毎年言っている気もしますが、時が経つのは早いもので12月がスタートしています。
2025年も残すところ1ヶ月となりましたが、皆さん、年始に掲げた目標の達成度・進捗はいかがでしょうか。
このように質問しても、もしかしたら、大半の方々が目標設定すらしていないかも知れませんね。
私自身、20代半ばで経済的自由(ファイナンシャル・フリーダム)という言葉を知り、その達成を心の底から渇望して行動を起こし、40歳を目前に育児セミリタイアを実現することが出来ました。
それが実現できた理由について聞かれる場面も多いですが、間違いなく、これまでの人生を通して常に目的意識を持ち続けて、建設的なアクションを積み上げてきたことが鍵だったと感じています。
もちろん、自分以外の第三者からノルマとして課される訳ではありません。
この辺り、意識・無意識に関わらず、人生を受動的に生きている方々には分からないかも知れませんね。
常に自らと向き合い、目標を設定して、実現するためのプランを描き、進捗を確認して調整・修正を加えながら具体的な行動を積み上げていく、それを初志貫徹したからこそ今があると実感しています。
前置きが長くなったので本題に入ると、先月(11月)後半に社会保障のテーマが連続したことと同じく、この時期に決まって取り上げられる話題がありますよね。
それは、年度半ばで組み込まれる一般会計の補正予算で、先月末28日、今年度のそれも決定・公表されました。
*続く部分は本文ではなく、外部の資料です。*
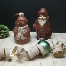 Les Pères Noël et Bonhommes de neige sont en chocolat au lait. Ils décorés à la main avec du chocolat blanc et chocolat noir (fine couche).

日本政府(高市政権)は近く国会に提出して、年内に成立することを目指します。
結論からお伝えすると、今年度の補正予算案の総額は18兆3034億円で、数年前までは例年10兆円前後で推移していたはずですが、2024年度の13.9兆円を超えて過去最大を記録しています。
また、税収の上振れ分(2.9兆円)税外収入(1兆円)前年余剰金(2.7兆円)等も充当されますが、全体の約6割に相当する11兆6960億円は新たな国債発行で賄われることが予定されています。
補正予算の内訳は国民生活の安全保障・物価高対策:8.9兆円、危機管理投資・成長投資:6.4兆円、防衛力・外交力強化:1.7兆円となっていますが、これに対する是非の議論は他に譲ります。
ただ、ここで私がしたいのは、税収(年間約80兆円)に対して国家の運営コストが1.7倍の約134兆円(一般会計予算:115.5兆円+補正予算:18.3兆円)まで膨れ上がってしまっていること。
さらに、今年も新たに約40兆円もの赤字国債を発行して、慢性的な赤字体質に陥っていることです。
一説によると、日本の国家債務総額は約1400兆円という天文学的なレベルに達しており、対GDP(国内総生産)250%、加えて、今尚3ヶ月ごとに10兆円規模のペースで増加しています。
もちろん、個人とは異なり、生物学的な寿命のない国家において無借金経営のみが正解とは言いませんが、適切な水準(対GDP比100%前後)でコントロールできているか否かは重要な判断ポイント。
G7はもちろん、G20まで比較対象を拡大しても日本は唯一の例外国となっており、国家債務の突出具合・増加速度は、セントラル・リーグを史上最速優勝した阪神タイガースに匹敵するものがあります。
常々お伝えしていますが、年月をかけて染み付いた借金体質は容易に改善することが出来ません。
自国通貨建の国債を発行できる国家であれば、借金による無限ファイナンスは実現ができるのか。
この問いに対してネガティブな回答しか持たない私としては日本の末路について憂慮しています。